Excerpts from a dataset
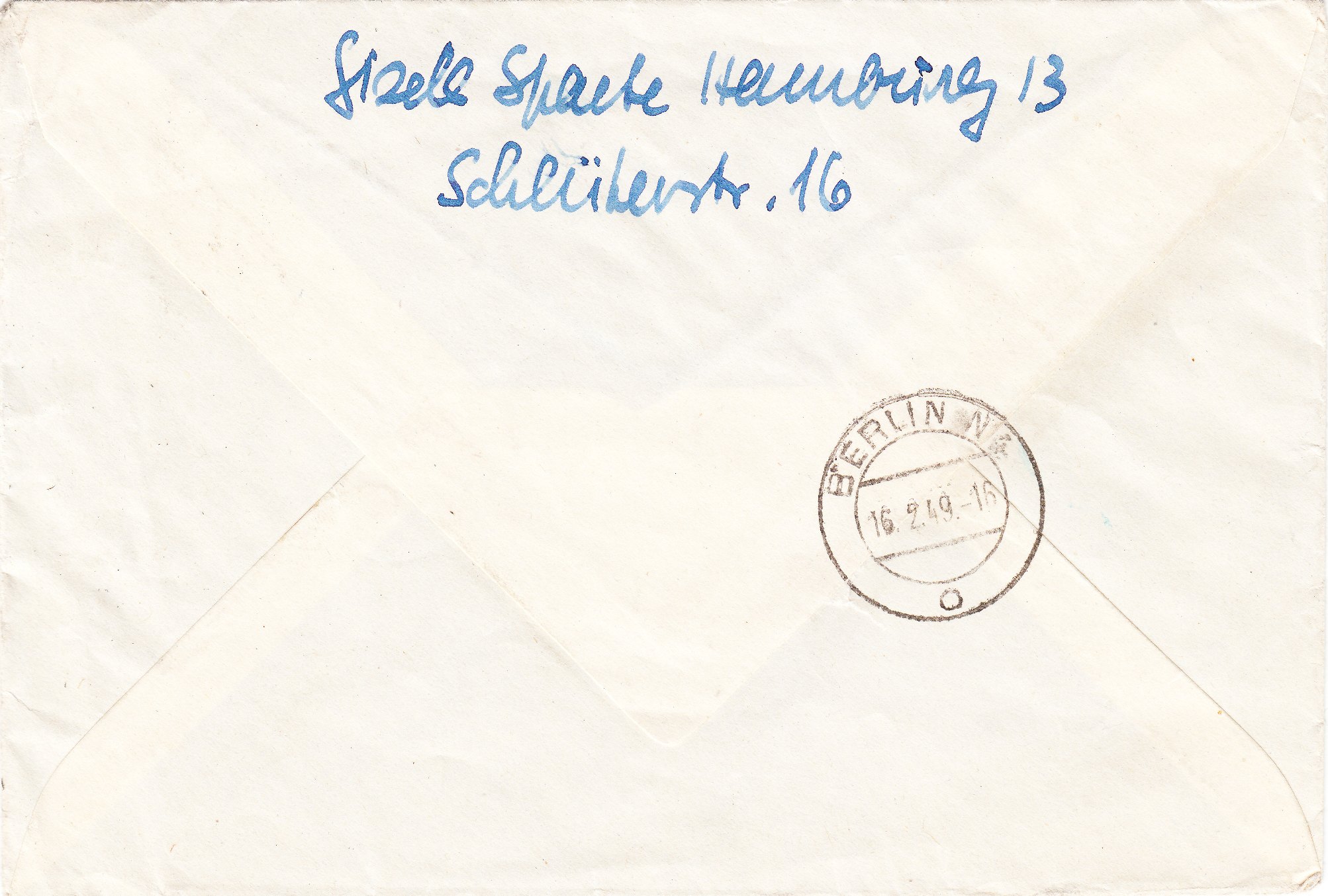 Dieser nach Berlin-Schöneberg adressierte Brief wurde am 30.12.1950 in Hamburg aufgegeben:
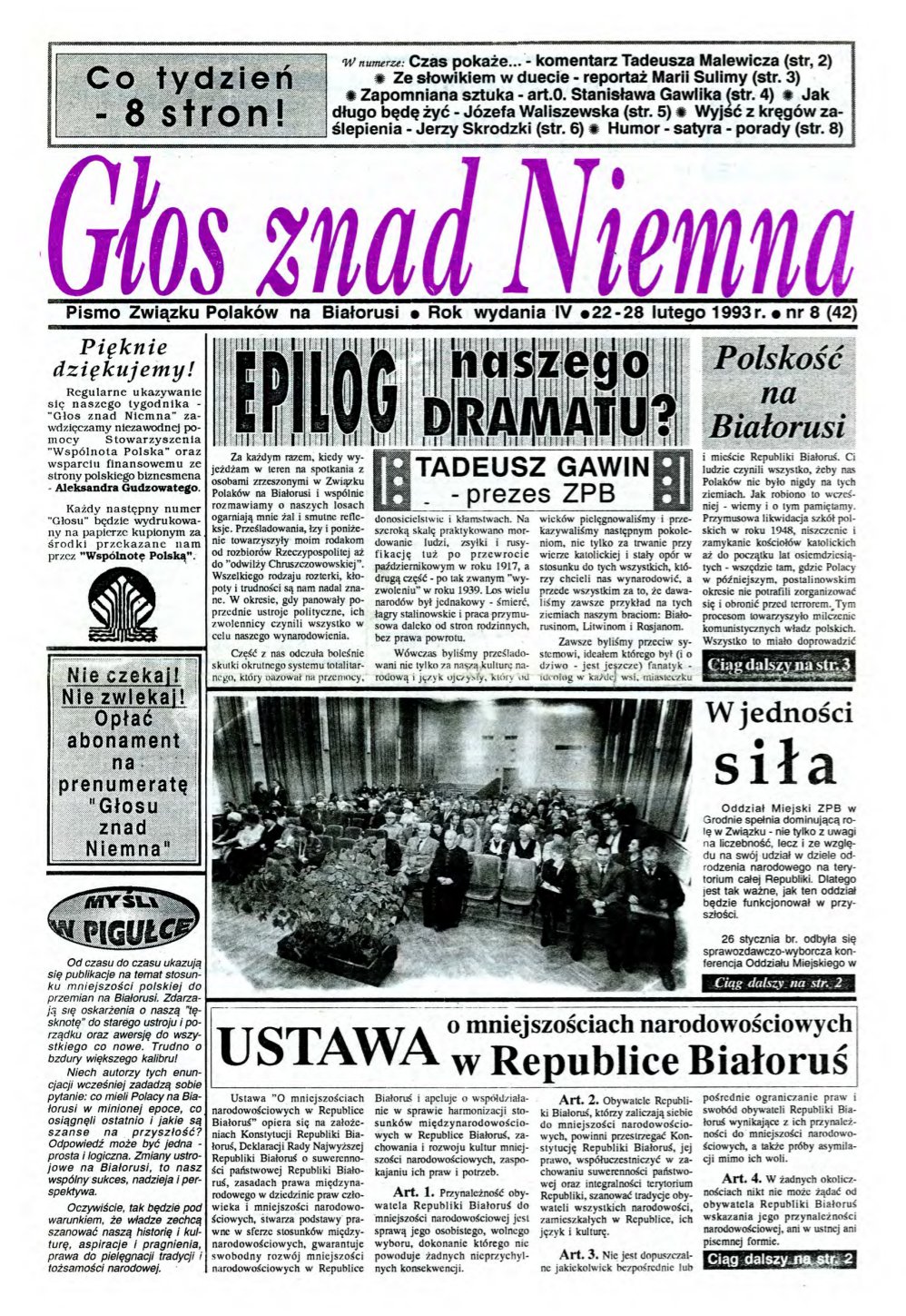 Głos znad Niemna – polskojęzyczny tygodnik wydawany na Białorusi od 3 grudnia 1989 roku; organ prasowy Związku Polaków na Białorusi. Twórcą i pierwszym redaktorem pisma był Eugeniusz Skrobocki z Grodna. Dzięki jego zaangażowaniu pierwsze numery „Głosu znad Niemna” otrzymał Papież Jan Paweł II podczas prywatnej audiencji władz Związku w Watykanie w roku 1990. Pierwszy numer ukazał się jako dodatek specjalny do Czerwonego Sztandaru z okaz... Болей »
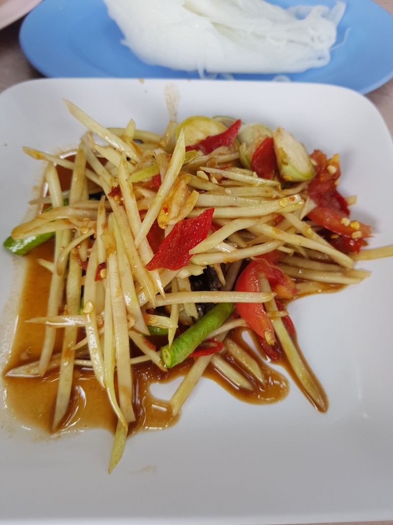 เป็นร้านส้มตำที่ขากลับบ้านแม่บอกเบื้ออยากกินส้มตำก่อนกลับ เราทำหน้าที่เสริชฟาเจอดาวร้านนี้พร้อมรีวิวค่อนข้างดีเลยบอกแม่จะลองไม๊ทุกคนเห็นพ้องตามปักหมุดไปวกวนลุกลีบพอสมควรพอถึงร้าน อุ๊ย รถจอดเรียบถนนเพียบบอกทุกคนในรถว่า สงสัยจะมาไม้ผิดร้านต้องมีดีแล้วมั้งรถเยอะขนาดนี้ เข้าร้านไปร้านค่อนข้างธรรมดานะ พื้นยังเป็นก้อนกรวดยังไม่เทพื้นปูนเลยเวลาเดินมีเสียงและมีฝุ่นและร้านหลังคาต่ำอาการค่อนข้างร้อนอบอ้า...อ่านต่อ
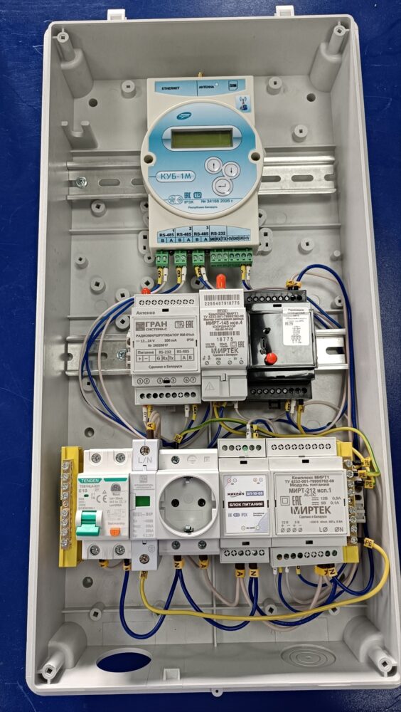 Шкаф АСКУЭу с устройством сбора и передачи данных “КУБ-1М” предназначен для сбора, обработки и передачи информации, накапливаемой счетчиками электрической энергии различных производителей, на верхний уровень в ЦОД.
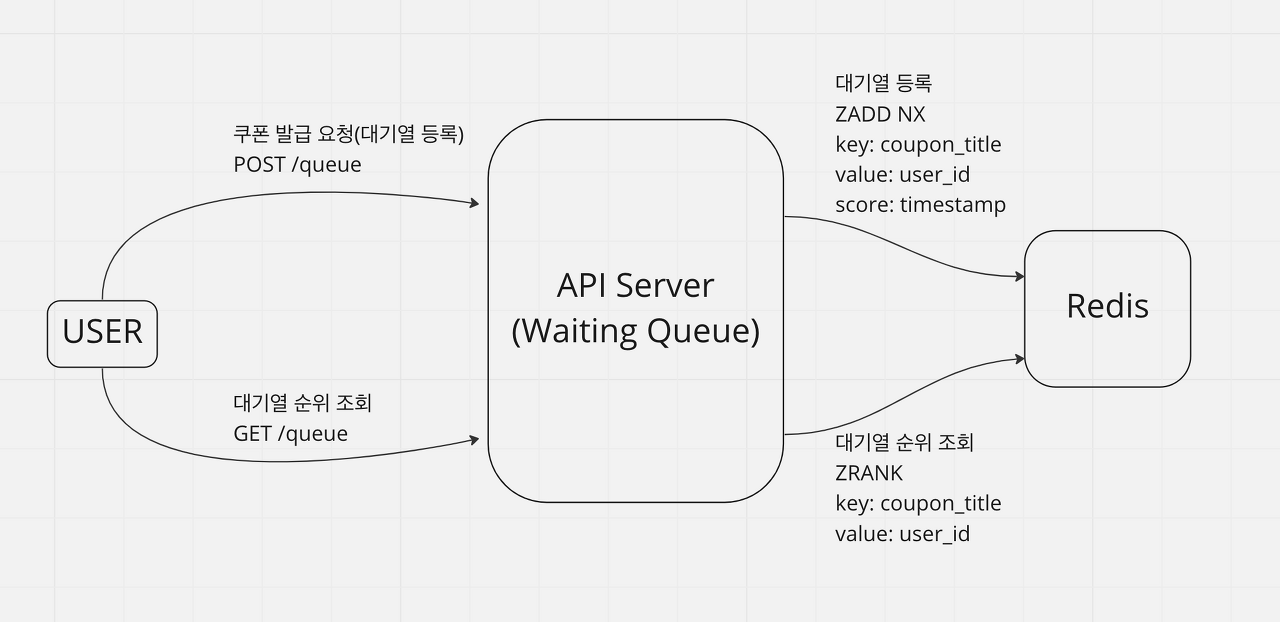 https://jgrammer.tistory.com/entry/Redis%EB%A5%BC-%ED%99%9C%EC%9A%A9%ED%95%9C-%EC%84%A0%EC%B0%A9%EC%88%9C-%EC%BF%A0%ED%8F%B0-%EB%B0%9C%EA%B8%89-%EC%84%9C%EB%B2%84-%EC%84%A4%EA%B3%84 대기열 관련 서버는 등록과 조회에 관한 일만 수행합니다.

- **AIM OF THE EXERCISE**
Nothing but the records, restated word for word and stripped of images, belongs in the answer.

- **WRITTEN RESPONSE**
 Dieser nach Berlin-Schöneberg adressierte Brief wurde am 30.12.1950 in Hamburg aufgegeben:
 Głos znad Niemna – polskojęzyczny tygodnik wydawany na Białorusi od 3 grudnia 1989 roku; organ prasowy Związku Polaków na Białorusi. Twórcą i pierwszym redaktorem pisma był Eugeniusz Skrobocki z Grodna. Dzięki jego zaangażowaniu pierwsze numery „Głosu znad Niemna” otrzymał Papież Jan Paweł II podczas prywatnej audiencji władz Związku w Watykanie w roku 1990. Pierwszy numer ukazał się jako dodatek specjalny do Czerwonego Sztandaru z okaz... Болей »
 เป็นร้านส้มตำที่ขากลับบ้านแม่บอกเบื้ออยากกินส้มตำก่อนกลับ เราทำหน้าที่เสริชฟาเจอดาวร้านนี้พร้อมรีวิวค่อนข้างดีเลยบอกแม่จะลองไม๊ทุกคนเห็นพ้องตามปักหมุดไปวกวนลุกลีบพอสมควรพอถึงร้าน อุ๊ย รถจอดเรียบถนนเพียบบอกทุกคนในรถว่า สงสัยจะมาไม้ผิดร้านต้องมีดีแล้วมั้งรถเยอะขนาดนี้ เข้าร้านไปร้านค่อนข้างธรรมดานะ พื้นยังเป็นก้อนกรวดยังไม่เทพื้นปูนเลยเวลาเดินมีเสียงและมีฝุ่นและร้านหลังคาต่ำอาการค่อนข้างร้อนอบอ้า...อ่านต่อ
 Шкаф АСКУЭу с устройством сбора и передачи данных “КУБ-1М” предназначен для сбора, обработки и передачи информации, накапливаемой счетчиками электрической энергии различных производителей, на верхний уровень в ЦОД.
 https://jgrammer.tistory.com/entry/Redis%EB%A5%BC-%ED%99%9C%EC%9A%A9%ED%95%9C-%EC%84%A0%EC%B0%A9%EC%88%9C-%EC%BF%A0%ED%8F%B0-%EB%B0%9C%EA%B8%89-%EC%84%9C%EB%B2%84-%EC%84%A4%EA%B3%84 대기열 관련 서버는 등록과 조회에 관한 일만 수행합니다.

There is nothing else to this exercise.